Although Marcus always excelled in writing and English classes throughout her time in the Canton Public Schools, she never envisioned writing as her career.

“I remember my grandmother, in particular, used to write my poems down in a little notebook,” she said. “I thought that was the greatest thing — the closest thing I would get to being published.”

In college she studied psychology and sociology and spent years as a social worker and child therapist. It wasn’t until Marcus had two children of her own that she thought about writing a book of her own.

“I was reading obsessively to my children,” she said. “And I developed an interest in writing my own picture books.”

Marcus dove head-first into this new endeavor, entering a graduate certificate program for writing at Emerson College, joining a local writers’ organization and attending a writing conference. At the conference, Marcus mentioned her background as a child therapist to one editor, and the editor asked if Marcus had considered writing a novel about trauma.

“To me a novel seemed like an ominous task,” Marcus said. “But I decided that if I was going to write one, trauma was a topic that most interested me.”

Now, almost a decade since Marcus first decided to focus on writing, she’s about to be a published author twice over. On April 14, G.P. Putnam’s Sons will publish Scritch-Scratch a Perfect Match, the story of how a lonely dog and a lonely man find each other.

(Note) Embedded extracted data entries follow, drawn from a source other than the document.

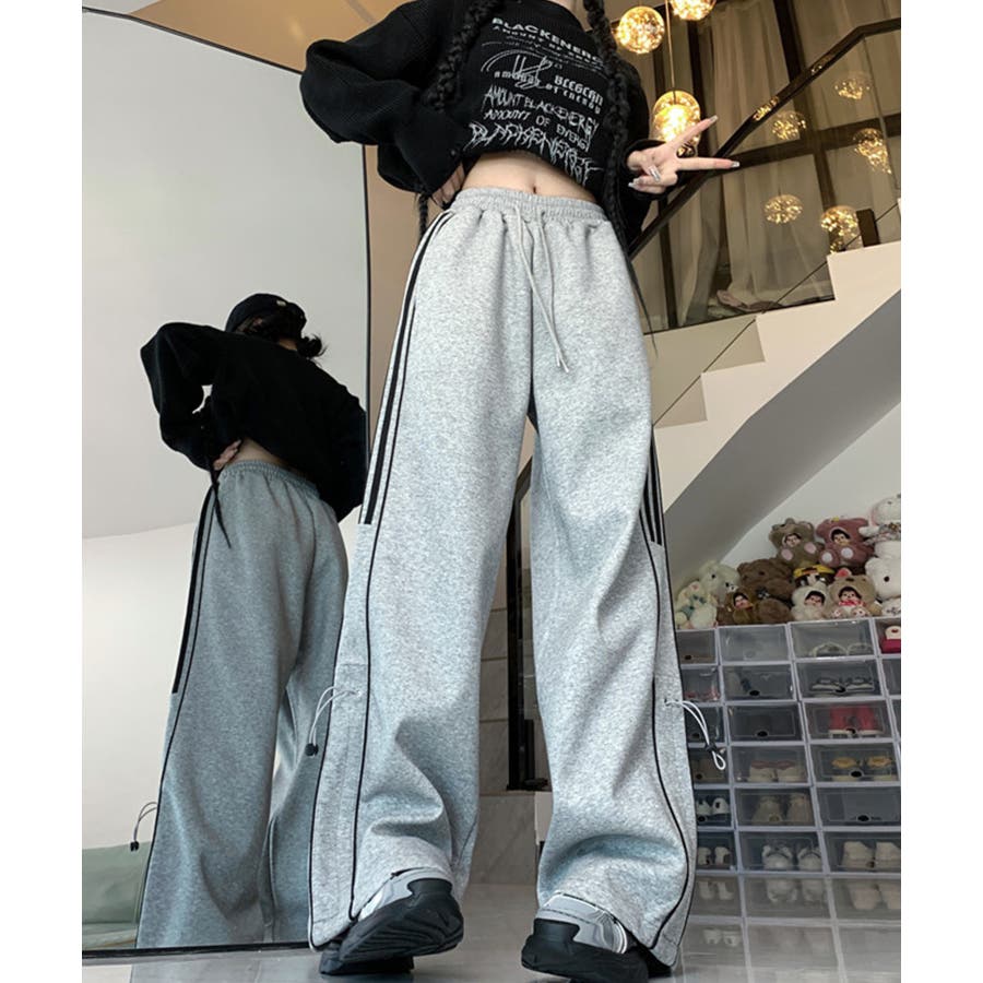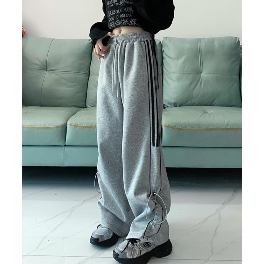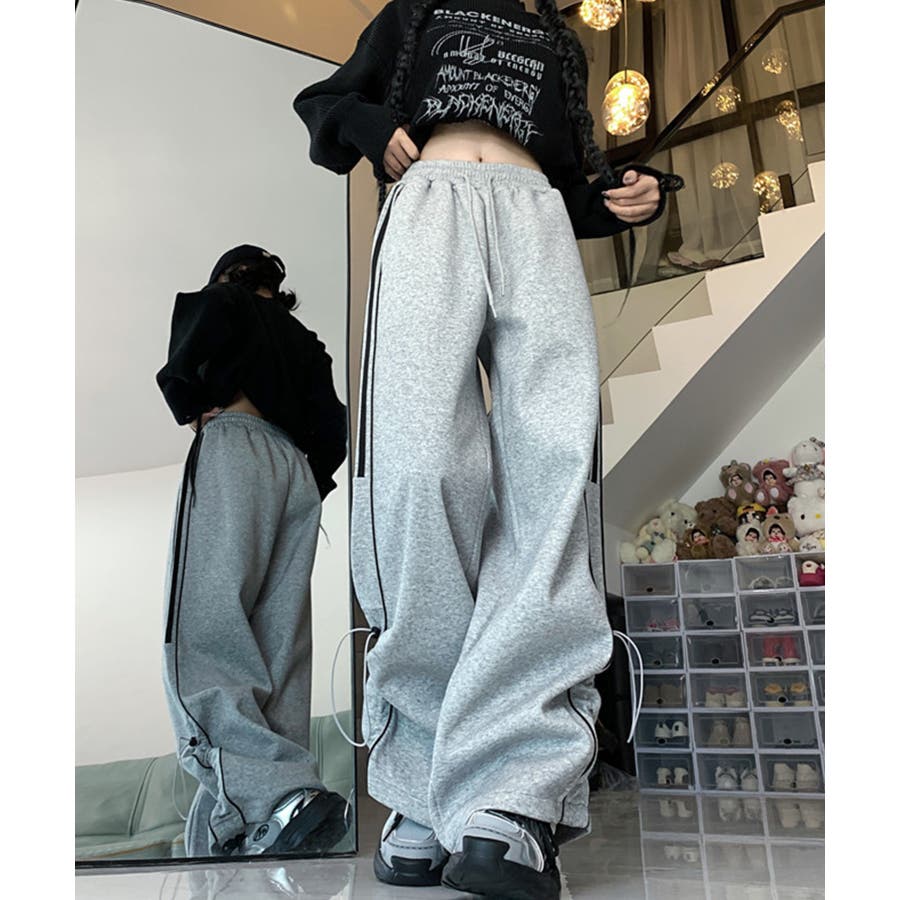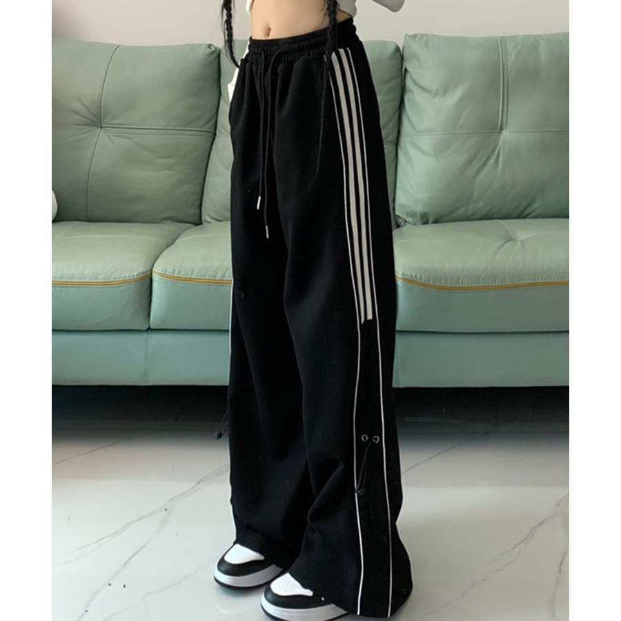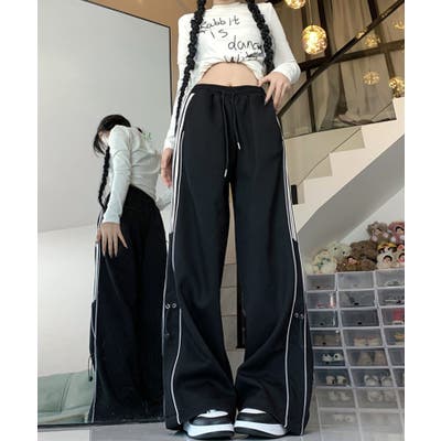 【HOOK】for girls サイドラインワイドスウェットパンツ
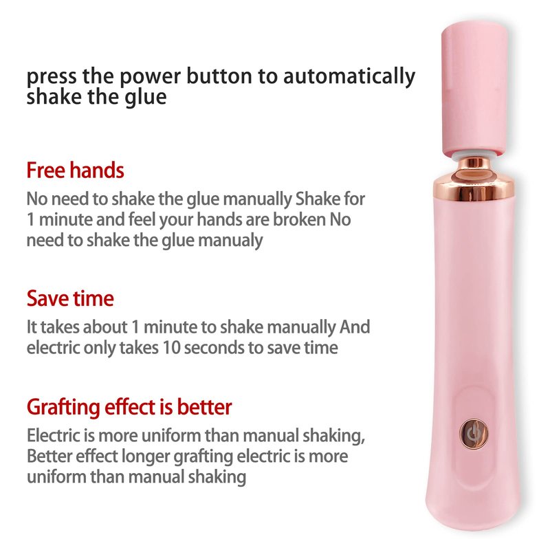 Pink Nail Lacquer Shaker, Nail Polish Mixer, Portable Electric Eyelash Glue Shaker with 2 Connectors and 8 Sizes of Caliber Liquid Evenly Mixer for Eyelash Extension Lash Glue Ink
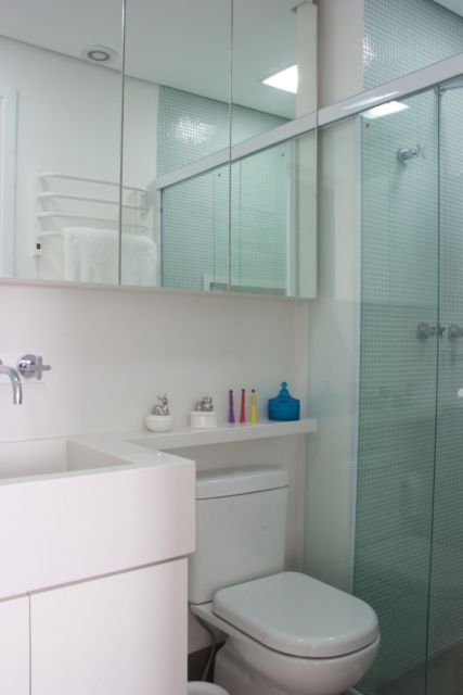 Para valorizar o espaço disponível o seu banheiro pequeno, nossa dica investir em um box de correr. Essa opção é perfeita pois economiza espaço dispensando a necessidade de um ângulo para abertura.
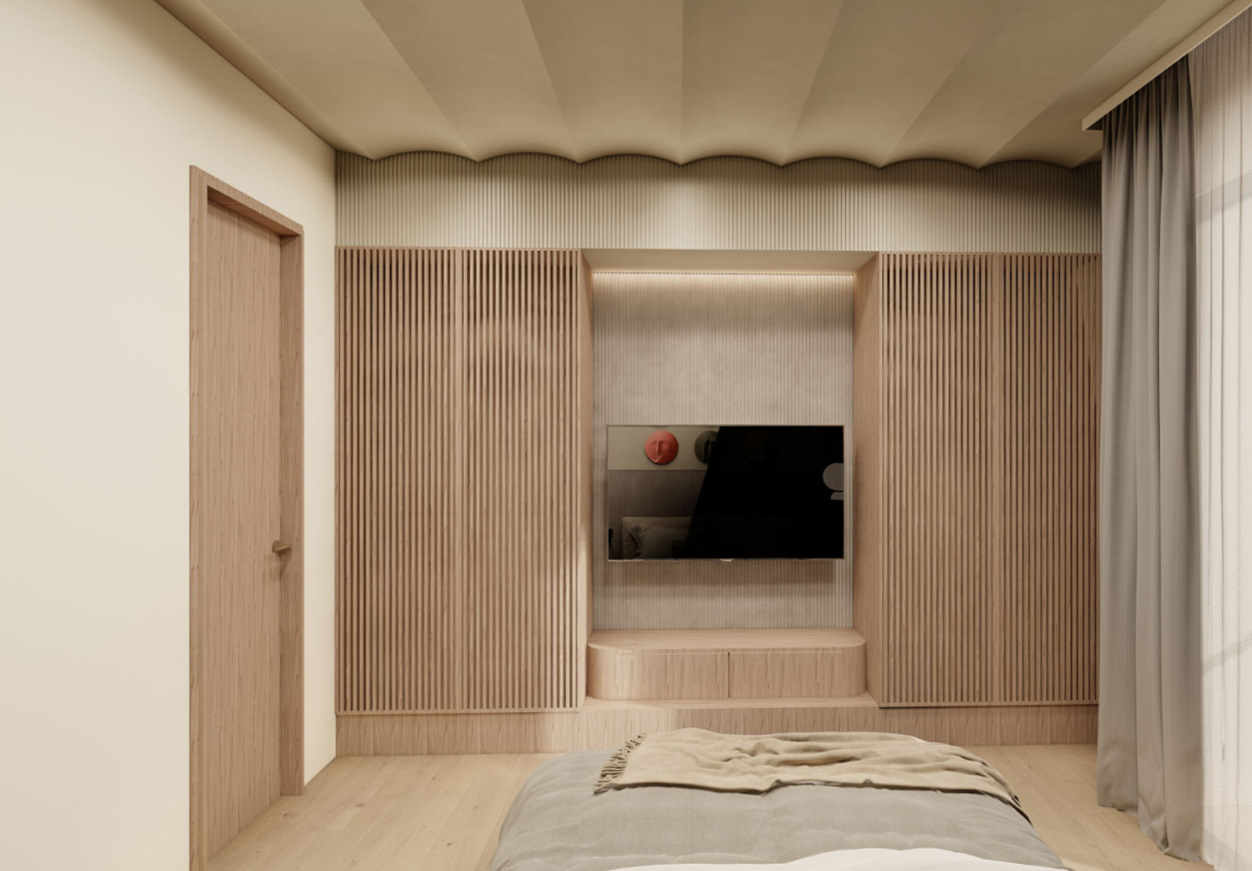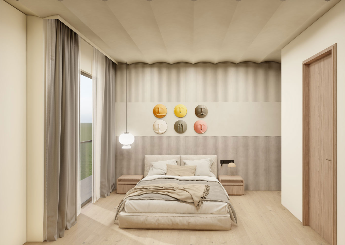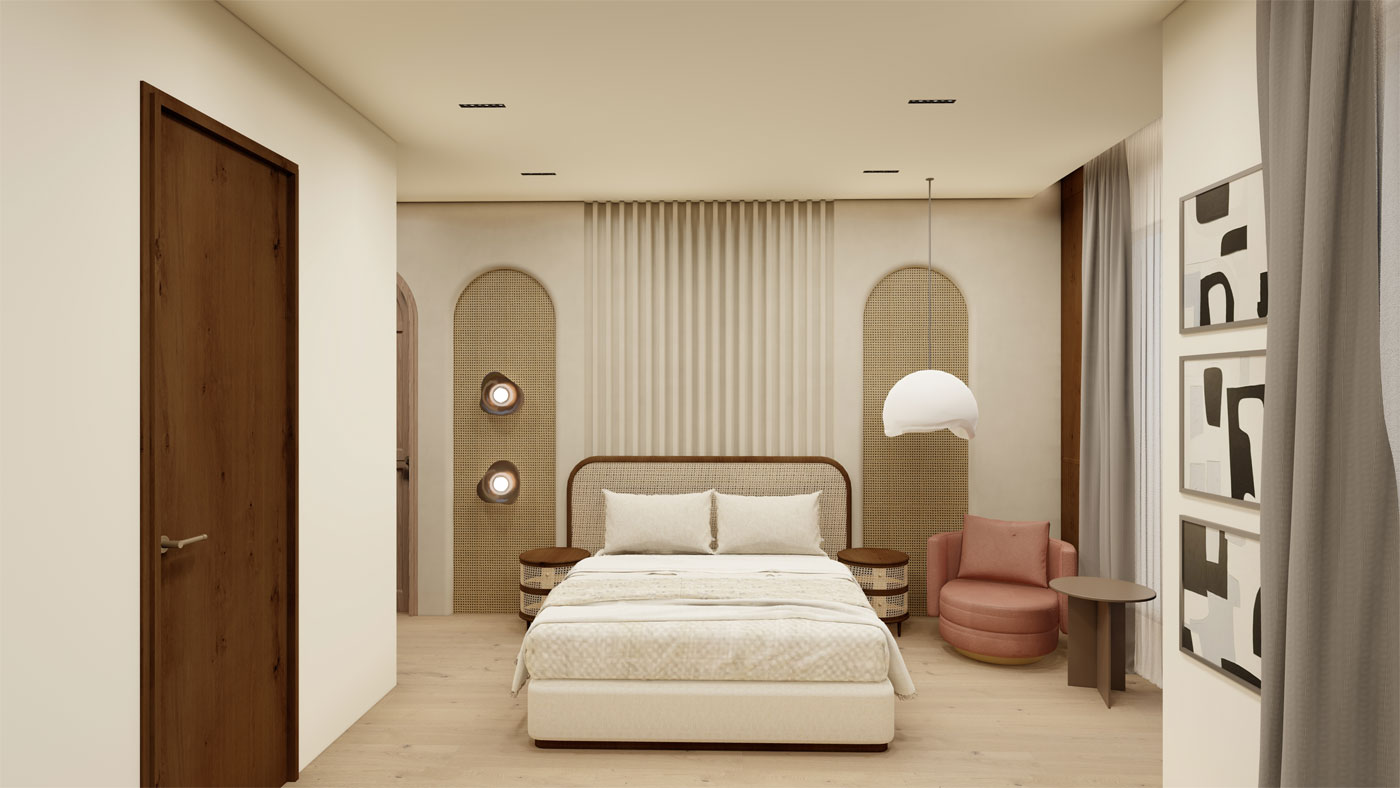 The design plays with curves. Arched doorways, niches and rounded furniture pieces guide the gaze and soften the geometry. Bedrooms feature cane-backed headboards framed within fluted panels, some topped with undulating ceiling treatments that ripple across the room. Colour arrives in deliberate moments: sage green seating, terracotta accents in upholstery, dusty pink in bathroom walls and textiles. The base throughout stays neutral, blonde wood floors and cream walls. Bathrooms mix vertical white tiles on lower walls with warm paint above, geometric floor patterns adding highlights.
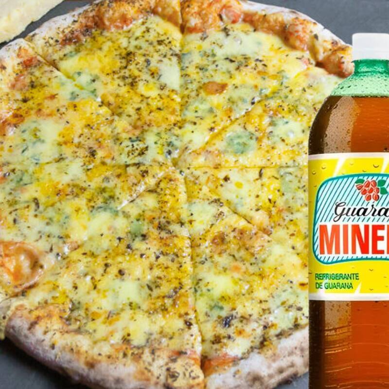 Aproveite 2 sabores incríveis em uma pizza grande de 10 fatias, acompanhada do tradicional Mineiro 1,5 litros.
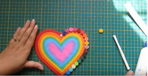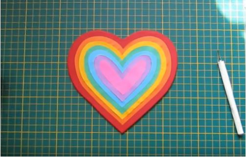 Các bạn tiếp tục cắt các hình trái tim với các màu sắc khác nhau theo thứ tự nhỏ dần và dán lần lượt lên trái tim màu đỏ nhé.
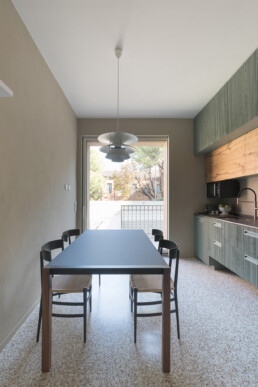 Un elemento chiave è la connessione con l’esterno: la cucina si apre su un balcone, collegato a un terrazzo riqualificato tramite una passerella sospesa, massimizzando la fruizione degli spazi aperti.
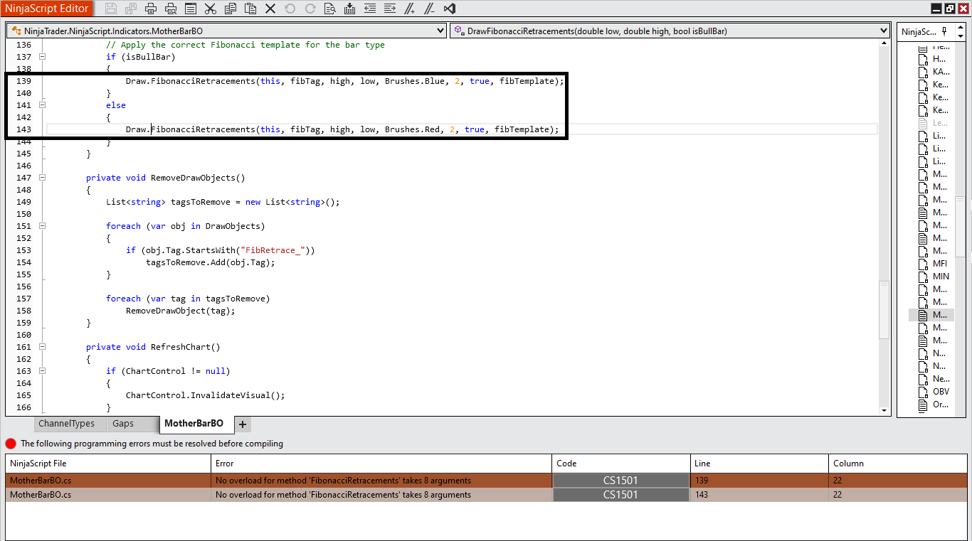I believe the issue is with the number of parameters I'm passing. Could you clarify the correct parameter structure for Draw.FibonacciRetracements in NinjaTrader 8? Also, how can I apply a custom template like "Range Bar Thick BL" or "Range Bar Thick" to these Fibonacci retracements?
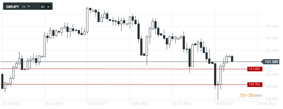 На протяжении двух месяцев японская иена укрепляется против британского фунта. Очередная коррекция была связана с заявлением Банка Англии о намерении купить новые "зеленые" облигации, которые будут выпущены правительством Великобритании в конце года. Правительство планирует выпустить не менее 15 миллиардов фунтов нового долга, для извлечения выгоды из спроса инвесторов на облигации, доходы от которых предназначены для инвестиций в охрану окружающей среды. Рассматриваем сделки на продажу с текущих цен. Цели для снижения 151.00 и 149.70.
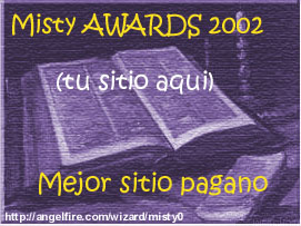 Index | BOS | Religiones | Fiestas paganas | Meditación | Sueños | Diccionario | Links | Wiccaweb | Sonidos | El atico | Misty Awards | Dark girls group
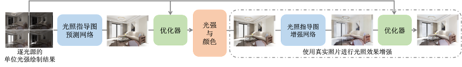在完成了光源的布局之后,我们需要进一步估计出最优的发光参数。图4 给出了我们的系统进行发光参数优化的流程。此流程主要包含两个计算步骤,第一个是使用神经网络来预测一个光照指导图,其代表了此场景进行了合理的照明后的视觉效果;第二个是对具体的灯光参数以之前得到的光照指导图作为目标进行优化求解。除此之外,我们还拓展了此流程从而利用真实室内照片对场景的光照效果进行增强。
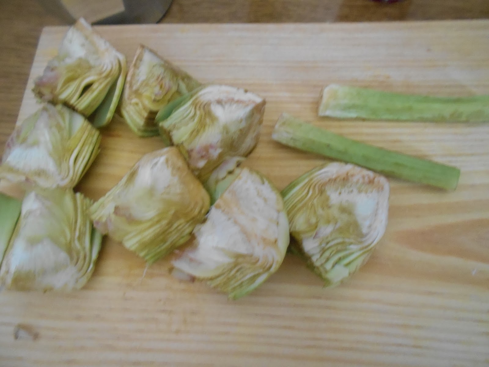 Cortamos las alcachofas en cuartos

“It uses a lot of wordplay, rhyme and onomatopoeia,” Marcus said. “It will be fun to read aloud.”

But it is Marcus’s teen novel, Exposed, that will mark her entrance into the world of published authors. Exposed, which tells the story of Liz, a 16 year old with a knack for photography, will be available February 22 from Random House Children’s Books.

“She’s very confident in what she sees, what she thinks about people as she looks through the lens,” Marcus said of the main character Liz. “But all that’s called into question when her brother is accused of raping her best friend.”

Liz, therefore, is left to decide whether her friend is a liar or her brother is a rapist.

“It takes a unique look at an all-too-common, horrific occurrence,” Marcus said. “But it looks at rape not through the standard view of the primary victim, but through the splintering effects on the community.”

Marcus was able to draw from her experience as a child therapist and social worker when writing about trauma. But Marcus said she wrote Exposed focusing more on her memories of what it was like to be a teen.

Exposed is due out February 22

“I wanted to tap into those feelings of where do I belong, who do I want to be, what’s important to me,” she said. “I love writing for teens. I remember being a teen more than my 20s and even my 30s. That’s kind of the period of my life that stands out most.”

Marcus started by writing Exposed in prose, but found herself stuck on a number of scenes. A friend suggested she try and write the scenes as quick poems as a writing exercise. It was so successful that Marcus decided to return to her first love, poetry, and wrote the entire novel in free verse.

“Scenes would come to me in snapshots, and poetry let me hone in on them,” Marcus said. “It forced me to find the core of the scene and the best words to describe what I was trying to say.”

Exposed is already garnering much attention in the literary world. Random House made it one of their lead titles for their spring collection and Amazon named it one of the best books for February.